The Board's approval of the New Subadvisory Agreement was in connection with the change of control of Legg Mason, Inc. (Legg Mason), the parent company of Western Asset, which resulted from Franklin Resources, Inc.'s (Franklin) acquisition of Legg Mason. In February 2020, Legg Mason entered into an agreement with Franklin under which Franklin would acquire Legg Mason (the Transaction). The Transaction closed on July 31, 2020. Franklin is a holding company that, together with its subsidiaries operates as Franklin Templeton®. Upon the closing of the Transaction, Legg Mason became a direct wholly-owned subsidiary of Franklin, and Western Asset became an indirect subsidiary of Franklin. As such, the Transaction resulted in a change of control of Legg Mason and Western Asset and, therefore, an assignment (within the meaning of the Investment Company Act of 1940) and automatic termination of the prior subadvisory agreement between the Manager and Western Asset for the Portfolio.
The New Subadvisory Agreement became effective on July 31, 2020, and is identical to the prior subadvisory agreement between the Manager and Western Asset. The subadvisory agreements between the Manager and the Portfolio's other subadvisers have not been, and will not be, affected by the New Subadvisory Agreement. The investment management agreement relating to the Portfolio has not been, and will not be, changed as a result of the New Subadvisory Agreement. PGIM Investments and ASTIS will continue to manage the Portfolio.
The Manager has received exemptive orders from the Securities and Exchange Commission that allow it, subject to certain conditions, to hire certain subadvisers and to make changes to existing subadvisory agreements without obtaining shareholder approval. As required by the exemptive order pertaining to subadvisers that are unaffiliated with the Trust and the Manager, the Portfolio is required to provide information to shareholders about a new subadviser within 90 days of the hiring of the new subadviser. The Information Statement is designed to satisfy this requirement.

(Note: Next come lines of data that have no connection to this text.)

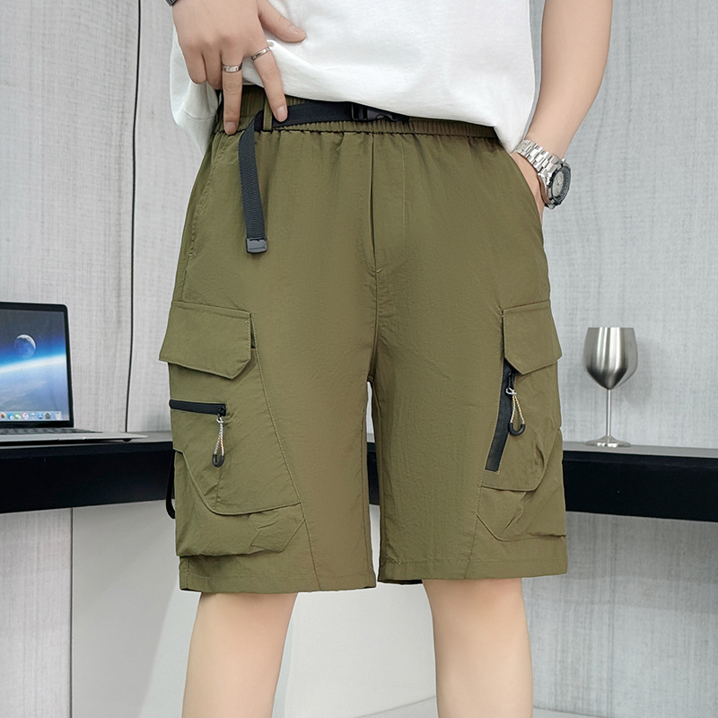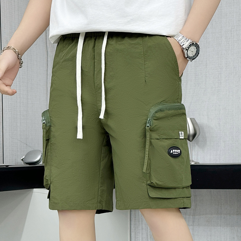夏薄いアーミーグリーンカーゴショーツメンズ 2025 新しいアイスシルク速乾性ルーズサイドポケットミッドパンツ 5 点パンツ
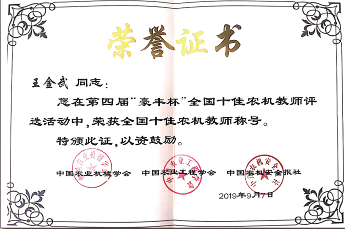 第四届“豪丰杯”全国十佳农机教师
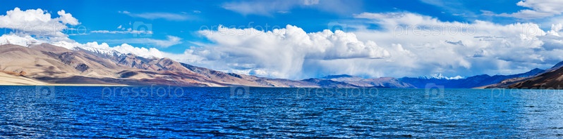 Панорама гималайского озера Цо Морири (официальное название - Заповедник водно-болотных угодий Цоморири) в Гималаях, Корзок, район Чангтанг, Ладакх, Джамму и Кашмир, Индия
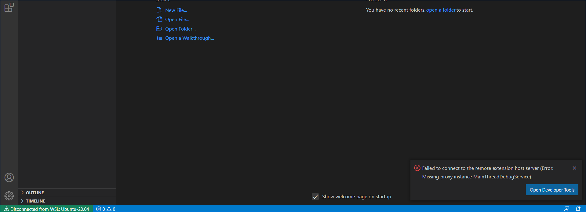 编辑1:尝试卸载和重新装入文件夹,也尝试打开具有高特权的cmd 'wsl代码。此外,我完全删除了wsl和vscode的所有扩展,但仍然得到相同的错误,我能够重现更多可读性错误,当打开一个项目时,它会提示使用。

This Notice is being mailed on or about October 12, 2020, to all shareholders of record as of the close of business on July 31, 2020. A copy of the Information Statement will remain on the Portfolio's website until January 11, 2021.
You can obtain a paper copy of the complete Information Statement, without charge, by writing the Trust at 655 Broad Street, 17th Floor, Newark, New Jersey 07102, or by calling (800) 778-2255 (toll free). You can request a complete copy of the Information Statement until January 11, 2021. To ensure prompt delivery, you should make your request no later than December 28, 2020. Please note that you will not receive a paper copy unless you request it.

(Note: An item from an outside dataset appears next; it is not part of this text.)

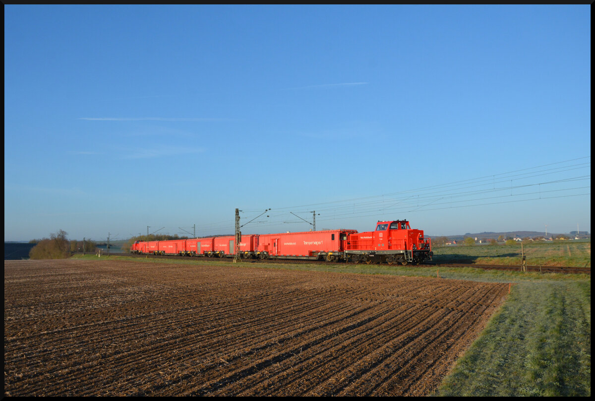 Der Würzburger Tunnelrettungszug (TRZ) am 08.03.2026 bei seiner wöchentlichen Bewegungsfahrt nach Lohr Bahnhof. Standardmäßig sind zwei Lokomotiven der Baureihe 714 an diesem Spezialzug. Die Lok 714 107 (NVR: 9980 9 170 007-5 D-DBMP) schiebt den von ihrer Schwester 714 109 (NVR: 9980 9 170 009-1 D-DBMP) angeführten Zug auf der 1.232 Meter langen Leinachtalbrücke (SFS Hannover - Würzburg) nach.

Shareholders Sharing the Same Address. As permitted by law, only one copy of this Notice will be delivered to shareholders residing at the same address, unless such shareholders have notified the Trust of their desire to receive multiple copies of the shareholder reports and other materials that the Trust sends. If you would like to receive an additional copy, please contact the Trust by writing to the Trust's address, or by calling the telephone number shown above. The Trust will then promptly deliver, upon request, a separate copy of this Notice to any shareholder residing at an address to which only one copy was mailed. Shareholders wishing to receive separate copies of the Trust's shareholder reports and other materials in the future, and shareholders sharing an address that wish to receive a single copy if they are receiving multiple copies, should also send a request as indicated.
This Notice and the Information Statement are for your information only. You are not required to take any action.